Margaret Heritage is an independent consultant in education. For her entire career, her work has spanned both research and practice. In addition to spending many years in her native England as a practitioner, a university teacher, and an inspector of schools, she had an extensive period at UCLA, first as principal of the laboratory school of the Graduate School of Education and Information Studies and then as an assistant director at UCLA’s National Center for Research on Evaluation, Standards, and Student Testing. She has also taught in the departments of education at UCLA and Stanford. Her recent books, both coauthored with Alison Bailey, are Progressing Students’ Language Day by Day (Corwin Press) and Self-Regulation in Learning: The Role of Language and Formative Assessment (Harvard Education Press).
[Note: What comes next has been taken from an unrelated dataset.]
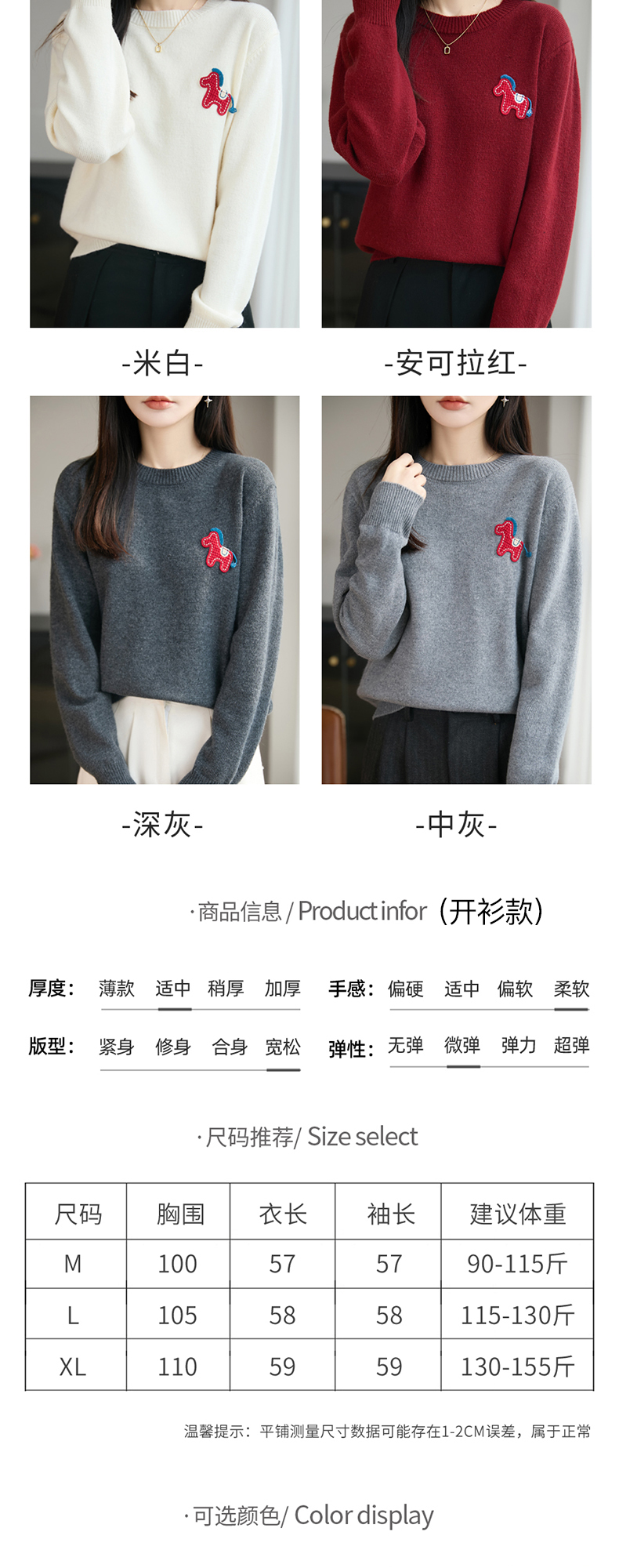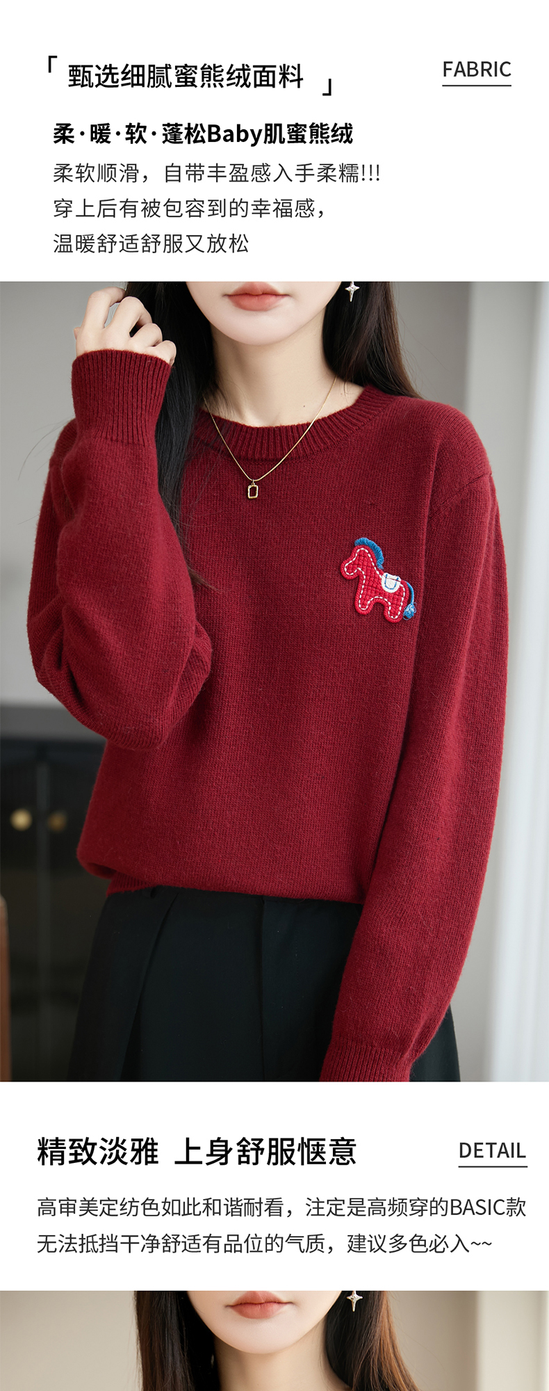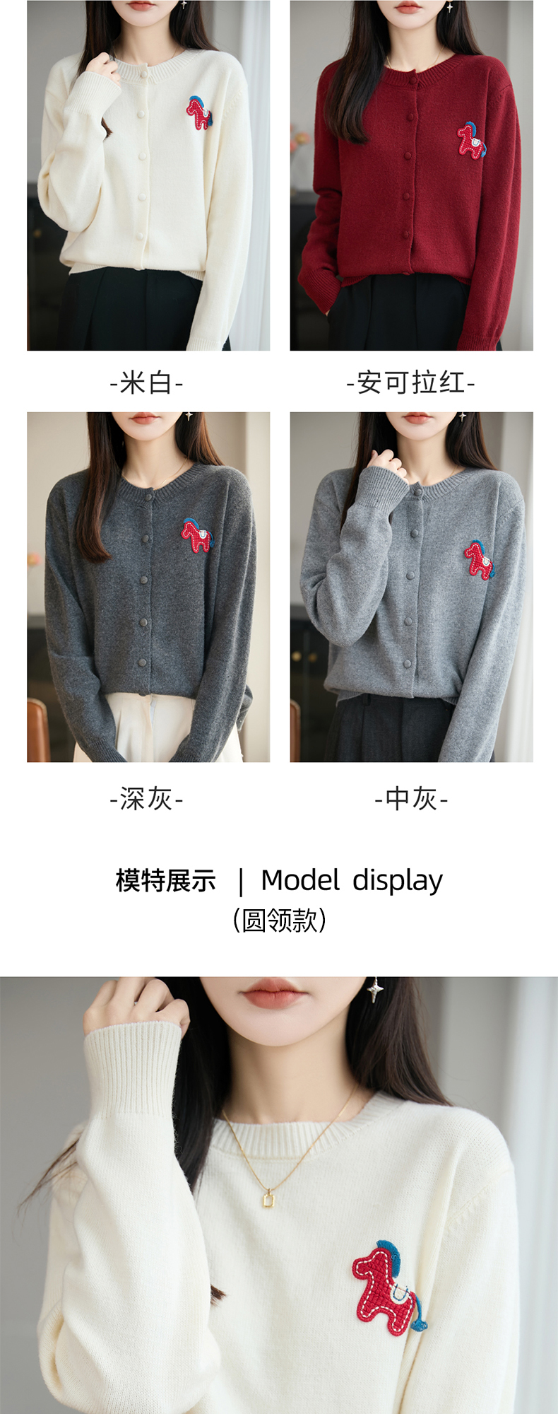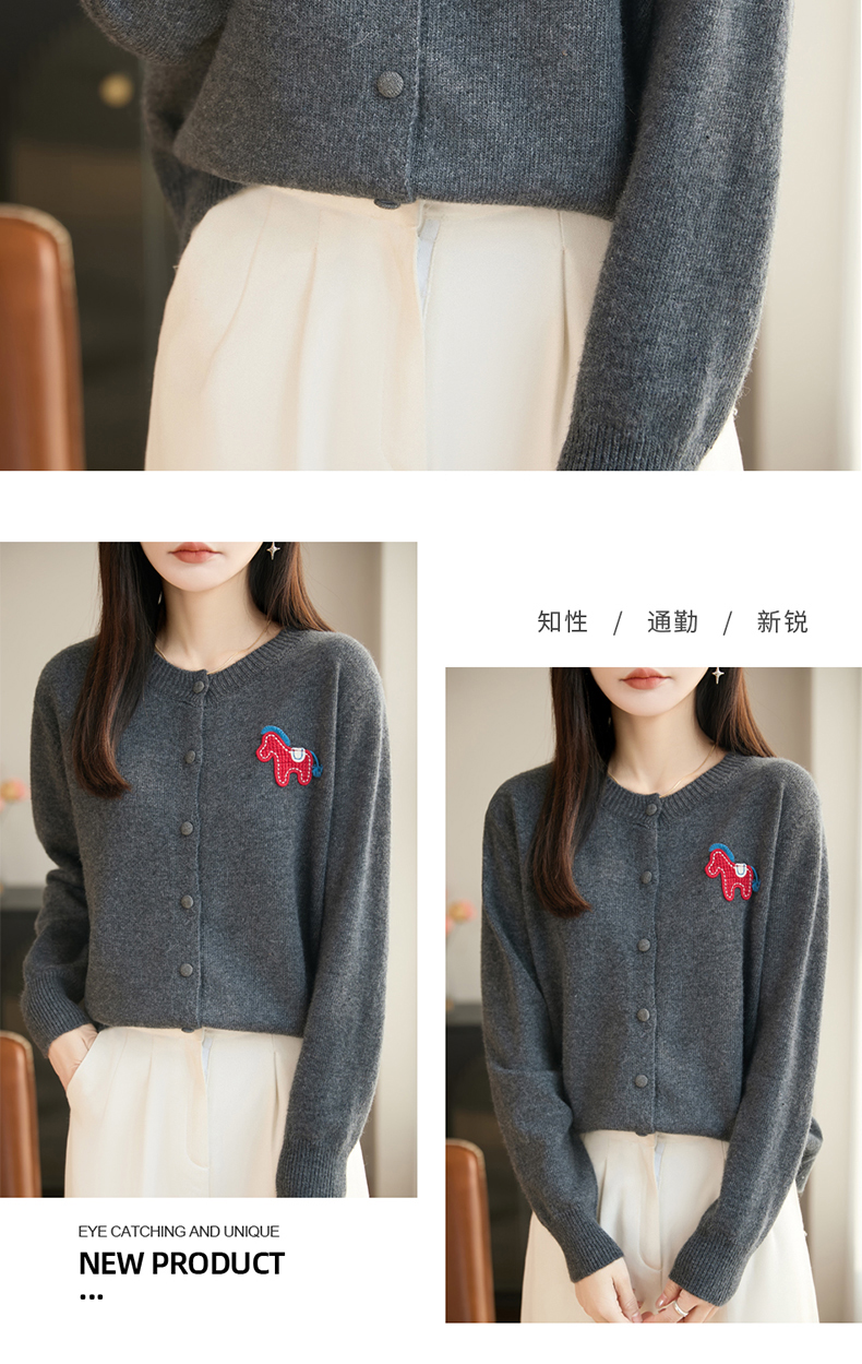 【新年必备,时髦百搭】【松软细腻,温暖舒适】秋冬新款女蜜熊绒卡通马圆领开衫针织衫百搭保暖新年小马毛衣
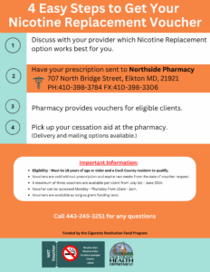 - The Nicotine Replacement and Non-Nicotine Therapy Voucher Program can be accessed without an appointment, Monday – Thursday, from 10 a.m. to 3 p.m., by sending your prescription to a participating pharmacy. The Northside Pharmacy can be reached at 410-398-3784.

E. Caroline Wylie is a research director at Educational Testing Service. Having completed her preservice teacher education with a focus on mathematics in Belfast, Northern Ireland, her focus shifted to classroom-based research. Those interests include issues related to balanced assessment systems, with a focus on the use of formative assessment to improve classroom teaching and learning. She has led studies related to the creation of effective, scaleable, and sustainable teacher professional development focused on formative assessment; on the formative use of diagnostic questions for classroom-based assessment; on assessment literacy; and on the role of learning progressions to support formative assessment in mathematics and science. She is currently the principal investigator on a grant (funded by the Institute of Education Sciences) that is examining classroom observations with a formative assessment focus and the relationship between observations, feedback, and changes to practice.